** Exercise goal **
Pictures aside, every line of the listing should be given again exactly.

** Supplied information **
◇ ◇ ◇

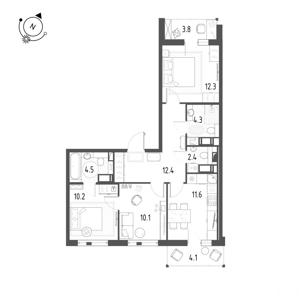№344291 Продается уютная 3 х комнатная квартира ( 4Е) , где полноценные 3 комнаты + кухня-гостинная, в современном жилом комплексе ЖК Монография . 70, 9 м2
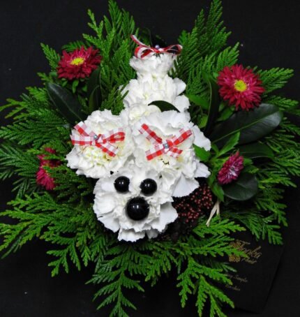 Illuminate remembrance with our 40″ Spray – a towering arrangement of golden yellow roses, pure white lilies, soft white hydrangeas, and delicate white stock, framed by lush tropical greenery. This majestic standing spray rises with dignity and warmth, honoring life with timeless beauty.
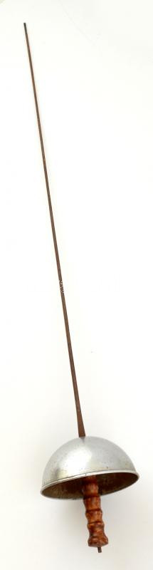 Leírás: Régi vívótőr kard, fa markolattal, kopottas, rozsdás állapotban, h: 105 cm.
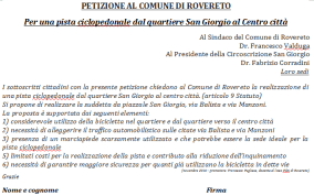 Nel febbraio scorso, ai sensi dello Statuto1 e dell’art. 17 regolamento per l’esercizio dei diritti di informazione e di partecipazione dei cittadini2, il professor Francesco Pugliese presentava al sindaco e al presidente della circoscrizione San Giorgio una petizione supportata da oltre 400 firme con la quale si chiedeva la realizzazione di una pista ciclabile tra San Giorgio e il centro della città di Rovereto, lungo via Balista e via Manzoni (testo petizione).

◇ ◇ ◇

** Solution to this task **
№344291 Продается уютная 3 х комнатная квартира ( 4Е) , где полноценные 3 комнаты + кухня-гостинная, в современном жилом комплексе ЖК Монография . 70, 9 м2
 Illuminate remembrance with our 40″ Spray – a towering arrangement of golden yellow roses, pure white lilies, soft white hydrangeas, and delicate white stock, framed by lush tropical greenery. This majestic standing spray rises with dignity and warmth, honoring life with timeless beauty.
 Leírás: Régi vívótőr kard, fa markolattal, kopottas, rozsdás állapotban, h: 105 cm.
 Nel febbraio scorso, ai sensi dello Statuto1 e dell’art. 17 regolamento per l’esercizio dei diritti di informazione e di partecipazione dei cittadini2, il professor Francesco Pugliese presentava al sindaco e al presidente della circoscrizione San Giorgio una petizione supportata da oltre 400 firme con la quale si chiedeva la realizzazione di una pista ciclabile tra San Giorgio e il centro della città di Rovereto, lungo via Balista e via Manzoni (testo petizione).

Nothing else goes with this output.